First we create a "neighbor list". Two regions are neighbors if they share a boundary. If we set the option `queen=TRUE`, even a shared point is sufficient.

In [None]:
nbm <- poly2nb(s1, queen=TRUE)
nbm

In [None]:
plot(s1)
plot.nb(nbm, s1, add=T, col='blue')

The corresponding adjacency matrix:

In [None]:
nmtx <- nb2mat(nbm)
rownames(nmtx) <- colnames(nmtx) <- s1$NAME
round(nmtx, 2)

Next we assign weights to the edges of the neighborhood graph.
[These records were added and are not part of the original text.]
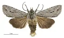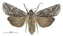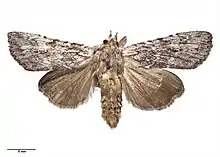 ♂, 31 mm. ; ♀, 34 mm. Head and thorax grey, strongly crested. Antennae filiform. Abdomen ochreous grey, crests slight. Forewings bright grey, irrorated with fuscous. A jagged subbasal line, strongly marked on submedian fold, where it turns abruptly towards base. A dark line across wing at 1⁄3, double, space between double lines grey (not irrorated), a dark mark on costa at 1⁄2, followed by two more above reniform. Subterminal line faint and suffused. A terminal series of black points ; a few dark points outline veins. Orbicular faint, but with a well-defined line along lower edge. Reniform defined by a dark line below and on terminal edge. Cilia grey, mixed with fuscous. Hind -wings brown, darker towards termen. Cilia brown, with fine paler line at base. Tips grey-white.[3]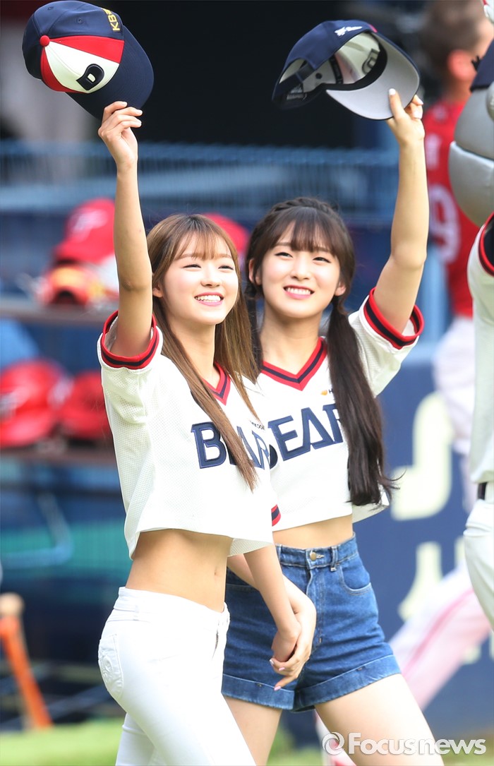(서울=포커스뉴스) 10일 서울 잠실구장에서 열린 2016 프로야구 넥센-두산 경기에 앞서 걸그룹 '오마이걸'의 아린(오른쪽)과 유아가 시구, 시타를 위해 그라운드로 나오며 모자를 흔들며 관중에게 인사하고 있다.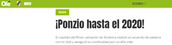Según elDiario Olé, Ponzio habría arreglado de su palabra su renovación de contrato, que vence en julio de este año.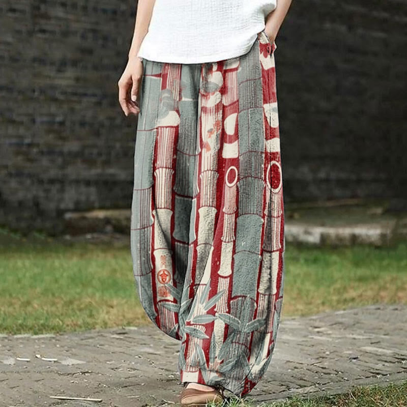 Dashingsoul Retro Bamboo Japanese Art Print Casual Pants

For simplicity's sake, we assume equal weight for each neighbor.

In [None]:
lw <- nb2listw(nbm, style="W", zero.policy=TRUE)

In [None]:
lw$weights[1]

Then we compute the weighted average of the incomes of neighboring counties for each county.

In [None]:
Inc.lag <- lag.listw(lw, s1$Income)

In [None]:
st_as_sf(s1) %>%
    st_drop_geometry() %>%
    select(NAME, Income) %>%
    mutate(Inc.lag = Inc.lag)

Doing some exploratory data analysis:

In [None]:
st_as_sf(s1) %>%
    st_drop_geometry() %>%
    select(NAME, Income) %>%
    mutate(Inc.lag = Inc.lag) %>%
    ggplot() +
    geom_point(aes(x=Income, y=Inc.lag)) +
    geom_smooth(aes(x=Income, y=Inc.lag), method=lm)
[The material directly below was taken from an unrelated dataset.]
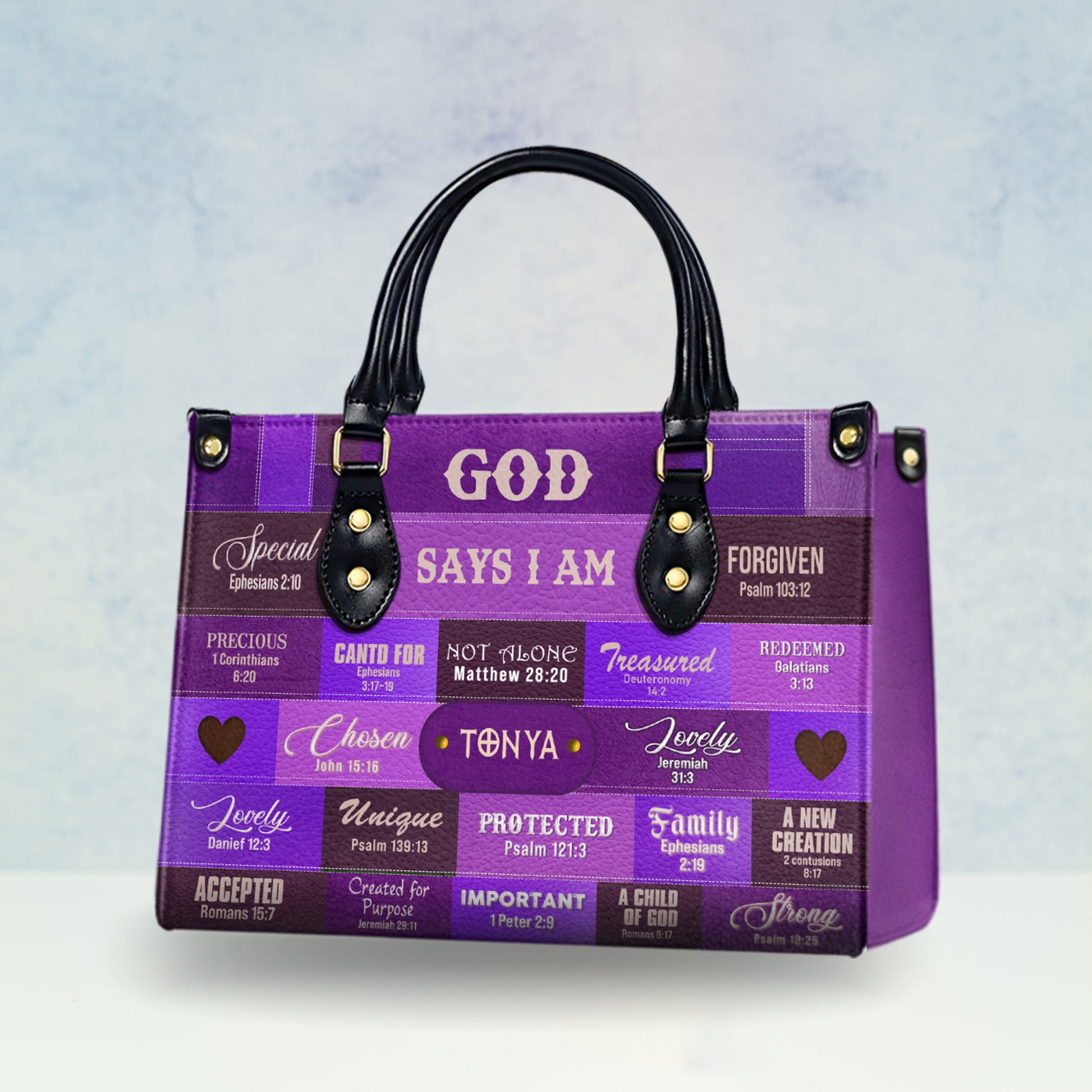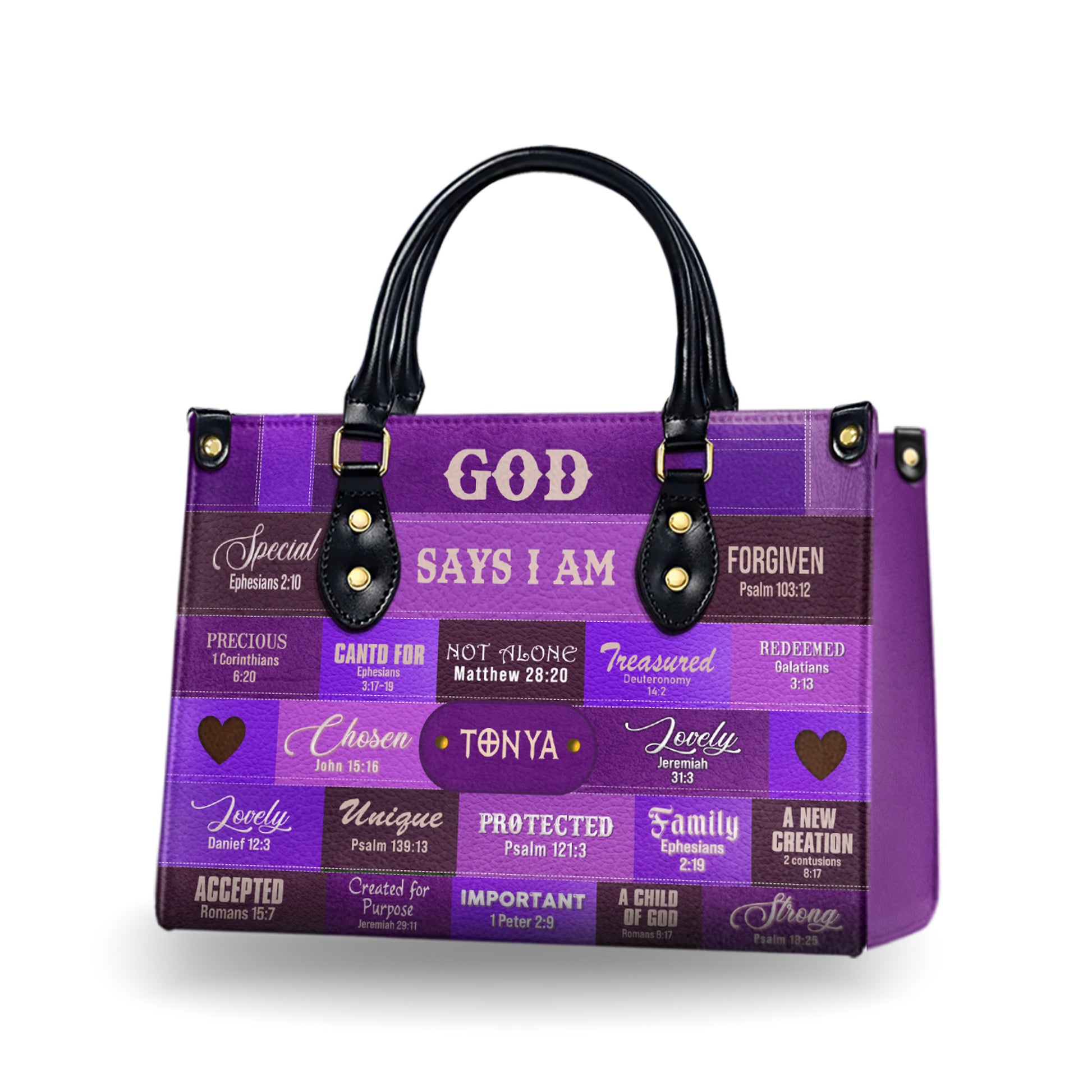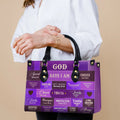 HB71-God Says I Am Christian Handbag – Custom Name Faith Purse for Women – Bible Verse Religious Gift – Purple Scripture Tote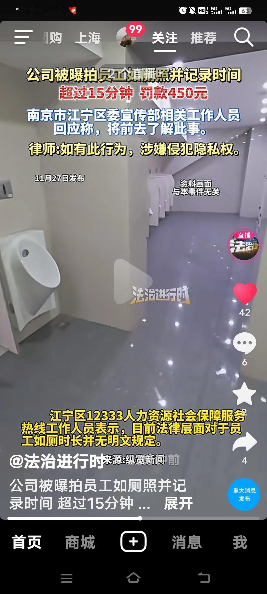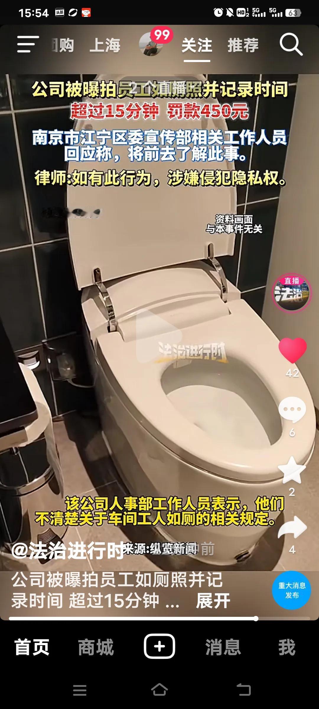 江苏南京有一家公司,那管理规定简直是“管天管地管拉屎放屁”。有网友爆料,自己曾是该公司的车间工人,公司规定员工如厕超过15分钟或者多次如厕,都要罚款450元。 而“多次”的界定全凭领导个人心情。公司还在厕所门口安装了监控,并且安排专人拍照记录员工如厕时间,聊天记录里的如厕照片都未打码。 工人们为了避免被罚款,即便拉肚子也得强忍着,实在是太可怜了。不过当地宣传部相关工作人员回应,会去了解此事,目前正在核查。律师表示,若情况属实,企业涉嫌侵犯员工隐私权。这家公司究竟怎么回事,就等调查结果揭晓了。 确实存在上班时间去厕所看手机的员工,但并非所有人都如此。这样的规定让遵守规矩的员工也受到了连累,毕竟上厕所是人之必须,总不能把大小便拉在裤子里。 员工要自觉遵守规定,领导也不能好坏不分“一刀切”。对于个别一去厕所就是个把小时的员工,确实应该进行处罚,大家说是不是这个道理? 企业处罚员工 公司卫生间 企业管太宽 南京员工

The slope of the regression line is Moran's I.



Spelling out the mathematics:

Let $N$ be the number of points and $w_{ij}$ the *weight* (strength of influence) between points $i$ and $j$. $w_{ii} =0$ for all $i$. 

$$
\begin{aligned}
I &= \frac{N}{W} \frac{\sum_{i,j} w_{ij}(x_i-\overline{x})(x_j-\overline{x})}{\sum_i(x_i-\overline{x})^2}\\
W &= \sum_{ij} w_{ij}\\
\overline x &= \frac{\sum_i x_i}{N}
\end{aligned}
$$

$I$ ranges from $-1$ to $1$. The expected value in the absence of spatial autocorrelation is 
$
\frac{-1}{N-1}
$

In [None]:
M <- lm(Inc.lag ~ s1$Income)
summary(M)

In [None]:
coef(M)[2]

To assess significance, we can the a random permutation test.

In [None]:
n <- 599L   # Define the number of simulations
I.r <- vector(length=n)  # Create an empty vector

for (i in 1:n){
  # Randomly shuffle income values
  x <- sample(s1$Income, replace=FALSE)
  # Compute new set of lagged values
  x.lag <- lag.listw(lw, x)
  # Compute the regression slope and store its value
  M.r    <- lm(x.lag ~ x)
  I.r[i] <- coef(M.r)[2]
}

In [None]:
data.frame(I.r = I.r) %>%
    ggplot() +
    geom_histogram(aes(x=I.r)) +
    geom_vline(xintercept=coef(M)[2], col='red')


Pseudo-$p$-value:

In [None]:
mean(I.r > coef(M)[2])

The Moran test does not use permutations but computes the $p$-value analytically.

In [None]:
moran.test(s1$Income,lw)

There is also a version of Moran's I test using simulations:


In [None]:
MC<- moran.mc(s1$Income, lw, nsim=599)

# View results (including p-value)
MC

In [None]:
# Plot the distribution (note that this is a density plot instead of a histogram)
plot(MC, main="", las=1)

## Application to German dialect data



In [None]:
pad_voronoi <- read_sf("data/pad_voronoi.shp")

In [None]:
pad_voronoi %>%
    ggplot() +
    geom_sf(fill=pad_voronoi$col)

In [None]:
pad_voronoi %>%
    ggplot() +
    geom_sf(aes(fill=r)) +
    scale_fill_distiller(palette = "Spectral")

In [None]:
pad_voronoi %>%
    ggplot() +
    geom_sf(aes(fill=g)) +
    scale_fill_distiller(palette = "Spectral")
    


In [None]:
pad_voronoi %>%
    ggplot() +
    geom_sf(aes(fill=b)) +
scale_fill_distiller(palette = "Spectral")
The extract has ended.